The summer of 1952, Sylvia Plath became a writer.

 

 

6 - Junior Year

 

1952-53

 

“The Doomsday of the World”

 

Sylvia returned to a troubling situation in her junior year. Smith had raised tuition by $150, and she had not won another Elks’ Club scholarship. She therefore had no choice but to move to Lawrence, one of the scholarship houses, where students did work in exchange for part of the cost of room and board. She knew very few women at Lawrence. Marcia Brown had moved off campus to live with her mother, and Sylvia also missed her other Haven friends. A few days after classes started she wrote to Warren, with whom she was more honest than she was with her mother: “God, those first few days were awful.... I got scareder and scareder thinking of how I didn’t know anybody hardly in the house and hadn’t even seen my room ... — it was like being a freshman all over again, only worse.”

Sylvia turned for help to Mary, her science-major roommate, but they had almost nothing in common. She had a substantial workload in the house. Part of her duty at Lawrence was cleaning and food preparation, peeling large quantities of potatoes and turnips, chopping onions, etc. She also had waitress duty for lunch, and phone and reception duty. Sylvia grew friendly with Jane Truslow, who had younger brothers at Exeter, where Warren was. Jane, however, dropped out of school during fall term and Sylvia was lonely once again. She also disliked the “fluttering idiot” who was the new housemother at Lawrence.
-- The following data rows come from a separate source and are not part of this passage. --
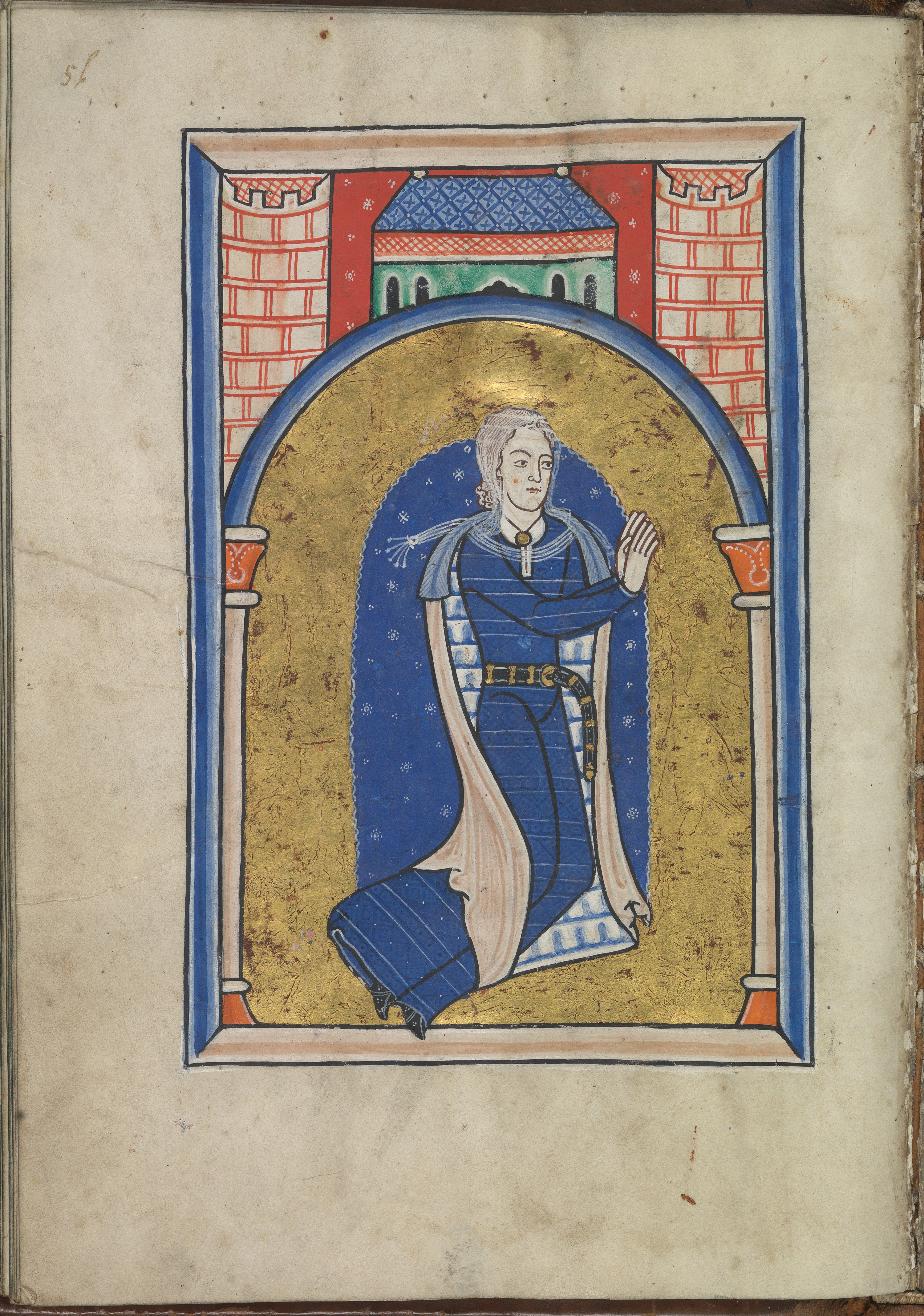 Folium 028v from the Psalter of Eleanor of Aquitaine (ca. 1185) from the collection of the National Library of the Netherlands. The illumination shows Donor portrait - A noble lady kneeling.
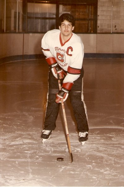 Team shot photo of Merritt Centennials captain John Tent at the Nicola Valley Memorial Arena. Taken during the 1984-85 season, January 11, 1985.
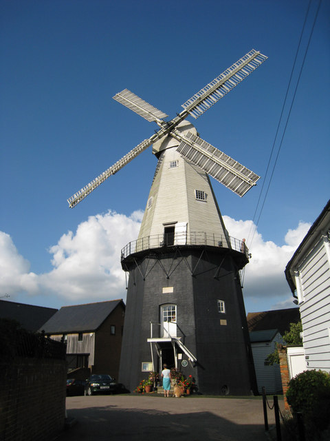 Cranbrook Union Windmill, Russells Yard, Cranbrook, Kent

There were other losses. Many women had not returned after sophomore year: quite a few had married, others were working. Of the remaining class members, more than eighty were spending junior year abroad. Sylvia was envious of them and continued to long for foreign travel. Perhaps more important was an atmosphere of trouble: several women had either attempted suicide or had mysteriously left campus. Sylvia’s junior year was marked with episodes of friends’ having abortions (seeing “Dr. No”) or making hasty marriages (the married women were subsequently asked to move out of campus housing while they completed the term; in at least one case, all scholarship aid was revoked).

Fall courses were also disappointing. Sylvia could no longer delay taking the required science course — she had put it off from sophomore year — and she hated every minute of it. Worries about that class hounded her, and she finally concocted a scheme whereby she was allowed to audit the second semester of the course because she had gotten an A for the first term. (She went to class but surreptitiously wrote poems while she was there.)

Even her English classes worried her. She took a Milton course and got only a B in it. The medieval literature unit, taught by the austere and imposing Howard Patch, was a nightmare. Huge quantities of memorization and exceptionally demanding requirements made the class a full-time load. In addition to the quantity of work, Patch’s teaching strategy was to humble his students; of the ten English majors in the seminar, only Sylvia received an A. By the beginning of her junior year, Sylvia had declared that she would “honor” in English, a program which required that she write a thesis and pass comprehensive examinations in both English and American literature. She had no idea what to write a thesis about, and the reading list for the examinations was long and difficult.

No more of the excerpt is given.